Data provided Start Marker

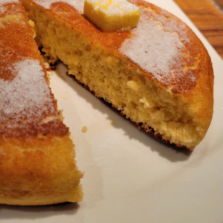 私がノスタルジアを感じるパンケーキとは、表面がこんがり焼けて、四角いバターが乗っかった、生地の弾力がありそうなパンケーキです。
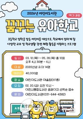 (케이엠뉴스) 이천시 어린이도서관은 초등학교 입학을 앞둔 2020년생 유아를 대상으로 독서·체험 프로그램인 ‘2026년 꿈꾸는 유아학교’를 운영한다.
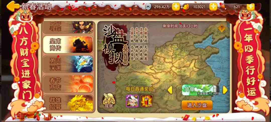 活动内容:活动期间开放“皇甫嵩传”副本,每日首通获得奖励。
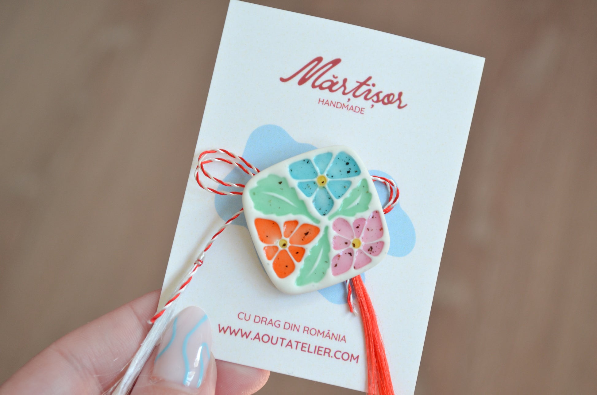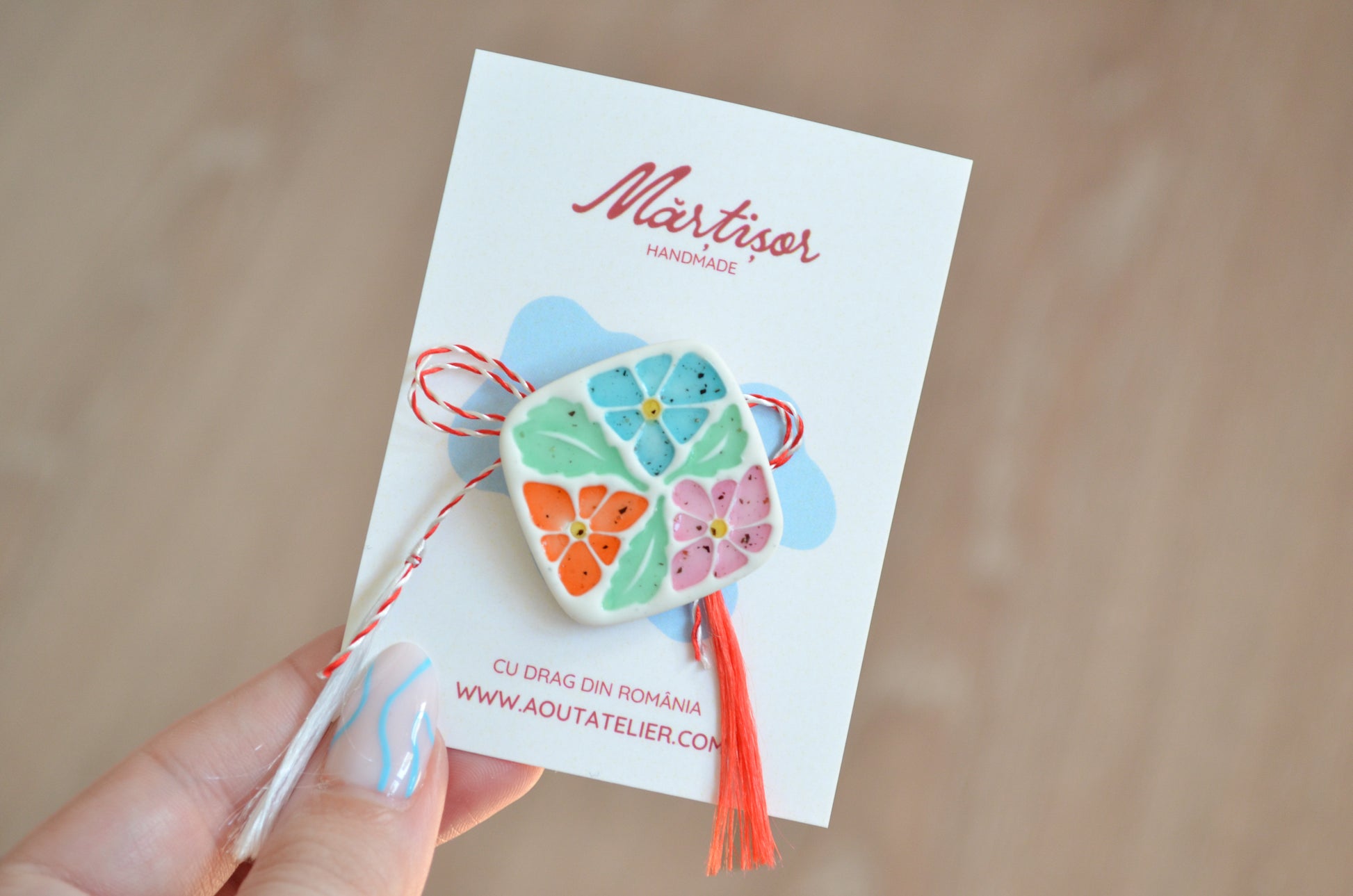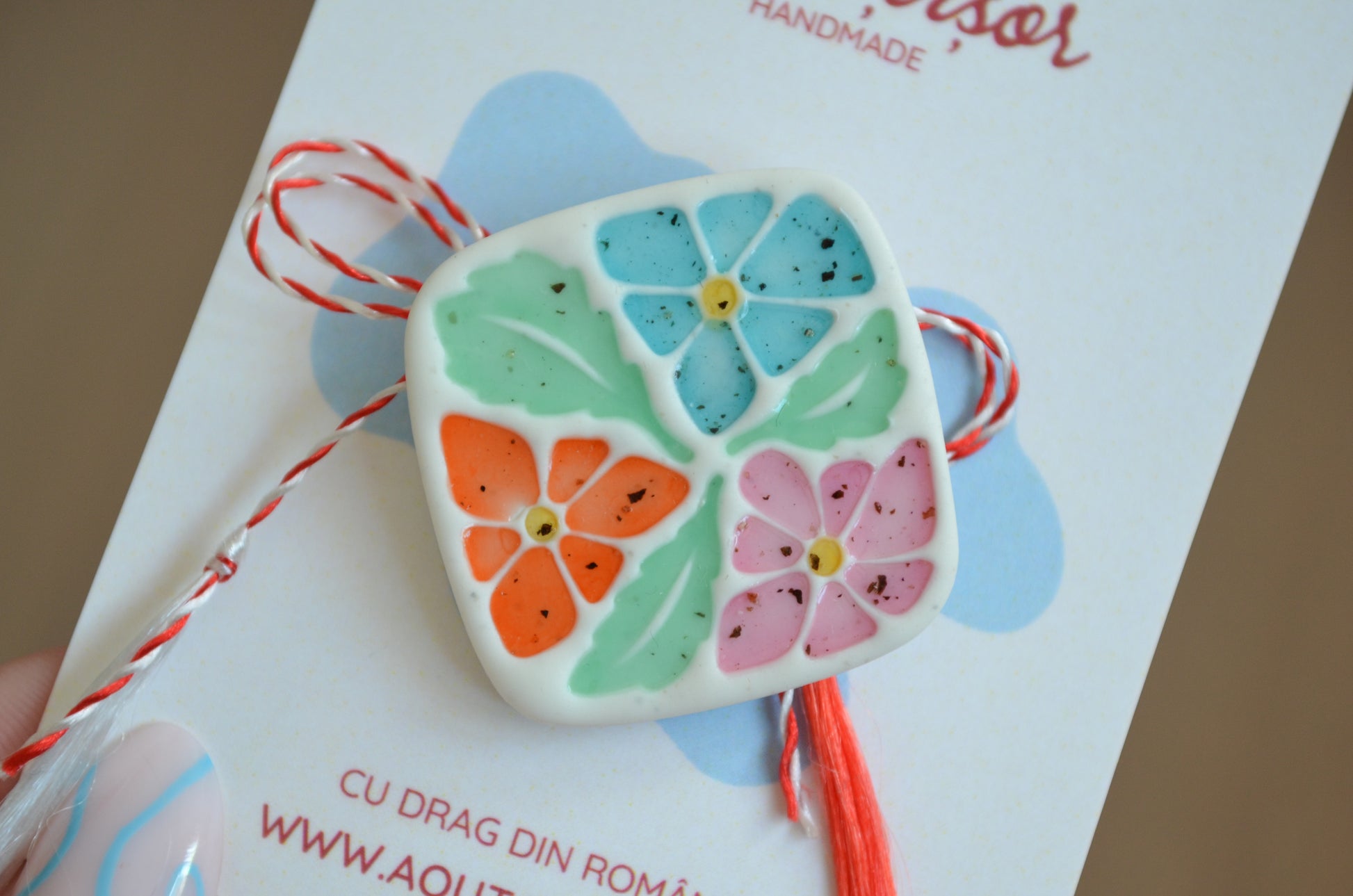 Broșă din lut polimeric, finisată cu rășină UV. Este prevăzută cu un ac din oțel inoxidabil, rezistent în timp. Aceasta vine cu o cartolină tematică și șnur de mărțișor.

Data provided End Marker
Data provided Start Marker

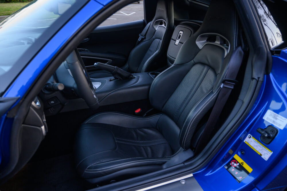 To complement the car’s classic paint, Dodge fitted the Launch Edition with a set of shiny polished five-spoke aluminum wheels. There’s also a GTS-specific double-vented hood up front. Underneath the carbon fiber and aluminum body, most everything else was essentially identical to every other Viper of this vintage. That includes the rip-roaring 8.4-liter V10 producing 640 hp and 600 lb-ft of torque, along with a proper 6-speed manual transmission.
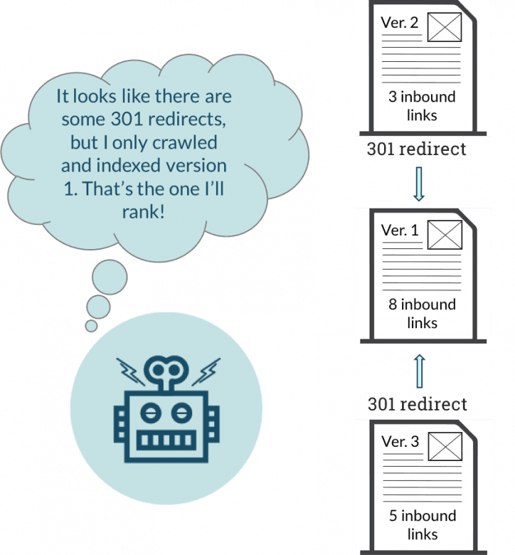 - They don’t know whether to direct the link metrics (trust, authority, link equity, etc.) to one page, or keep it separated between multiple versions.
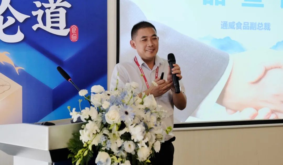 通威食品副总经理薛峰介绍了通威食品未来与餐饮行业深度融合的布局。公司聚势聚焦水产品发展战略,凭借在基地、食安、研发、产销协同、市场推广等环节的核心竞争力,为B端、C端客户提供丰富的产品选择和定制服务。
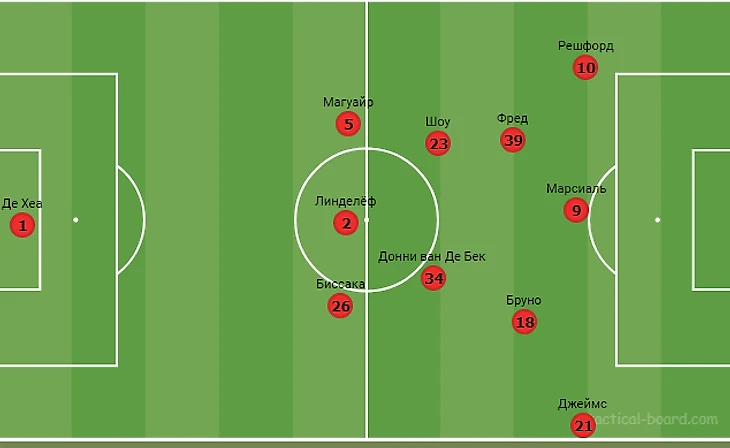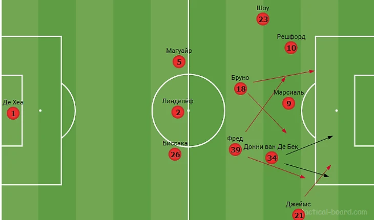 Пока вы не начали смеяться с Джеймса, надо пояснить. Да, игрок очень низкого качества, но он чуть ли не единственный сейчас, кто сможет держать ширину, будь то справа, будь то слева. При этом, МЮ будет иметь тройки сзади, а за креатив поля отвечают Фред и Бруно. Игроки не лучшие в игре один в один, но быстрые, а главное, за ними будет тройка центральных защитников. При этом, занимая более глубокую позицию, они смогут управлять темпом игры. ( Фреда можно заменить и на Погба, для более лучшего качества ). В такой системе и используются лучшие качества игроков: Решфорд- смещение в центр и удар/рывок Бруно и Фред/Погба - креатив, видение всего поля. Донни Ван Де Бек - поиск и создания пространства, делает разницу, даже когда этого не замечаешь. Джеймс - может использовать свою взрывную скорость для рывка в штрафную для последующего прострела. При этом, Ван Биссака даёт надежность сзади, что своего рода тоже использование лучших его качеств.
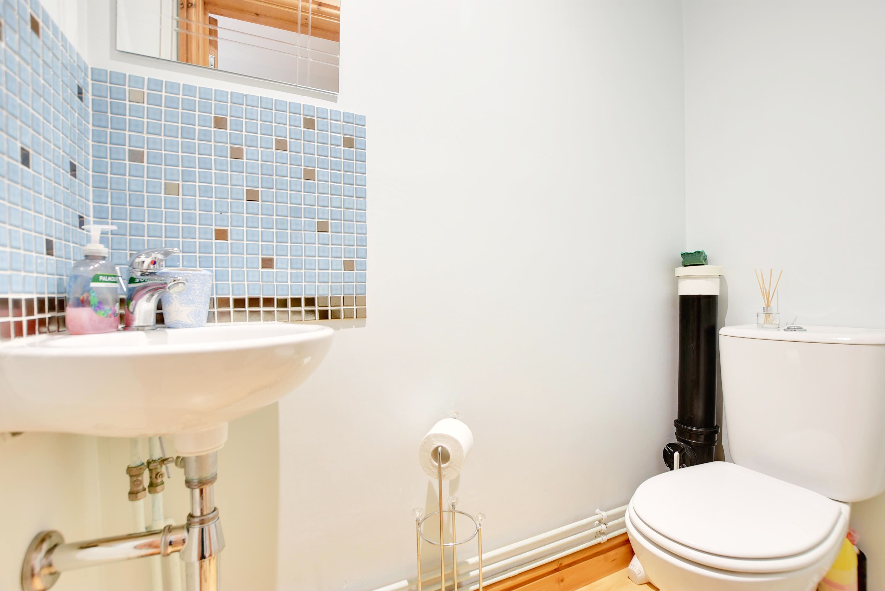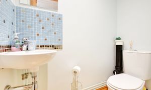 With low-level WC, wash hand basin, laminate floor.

Data provided End Marker
Data provided Start Marker

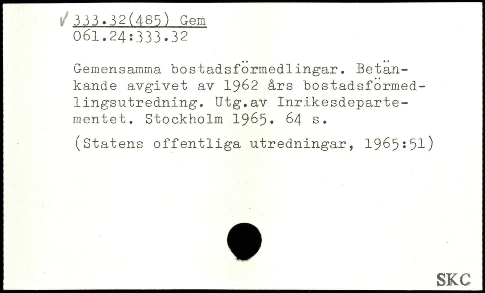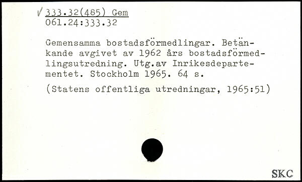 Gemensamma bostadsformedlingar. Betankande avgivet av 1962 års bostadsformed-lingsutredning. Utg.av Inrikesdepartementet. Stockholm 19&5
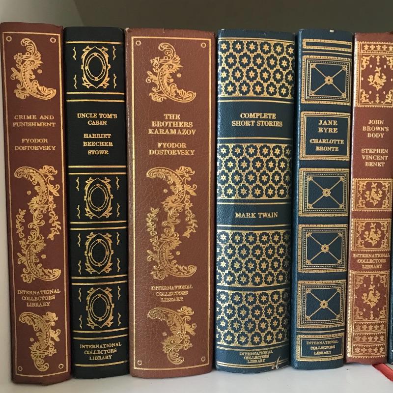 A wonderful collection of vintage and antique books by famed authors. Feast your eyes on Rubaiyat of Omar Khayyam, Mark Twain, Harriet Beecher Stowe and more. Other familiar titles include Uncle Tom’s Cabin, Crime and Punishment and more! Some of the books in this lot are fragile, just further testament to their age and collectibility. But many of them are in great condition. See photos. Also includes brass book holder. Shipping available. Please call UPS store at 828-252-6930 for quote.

Data provided End Marker

* _Task directions_
Return the stretch of data that begins with the line showing "(케이엠뉴스) 이천시 어린이도서관은" and goes on through the line showing "Broșă din lut", exactly, with pictures removed.

* _Response below_
 (케이엠뉴스) 이천시 어린이도서관은 초등학교 입학을 앞둔 2020년생 유아를 대상으로 독서·체험 프로그램인 ‘2026년 꿈꾸는 유아학교’를 운영한다.
 活动内容:活动期间开放“皇甫嵩传”副本,每日首通获得奖励。
 Broșă din lut polimeric, finisată cu rășină UV. Este prevăzută cu un ac din oțel inoxidabil, rezistent în timp. Aceasta vine cu o cartolină tematică și șnur de mărțișor.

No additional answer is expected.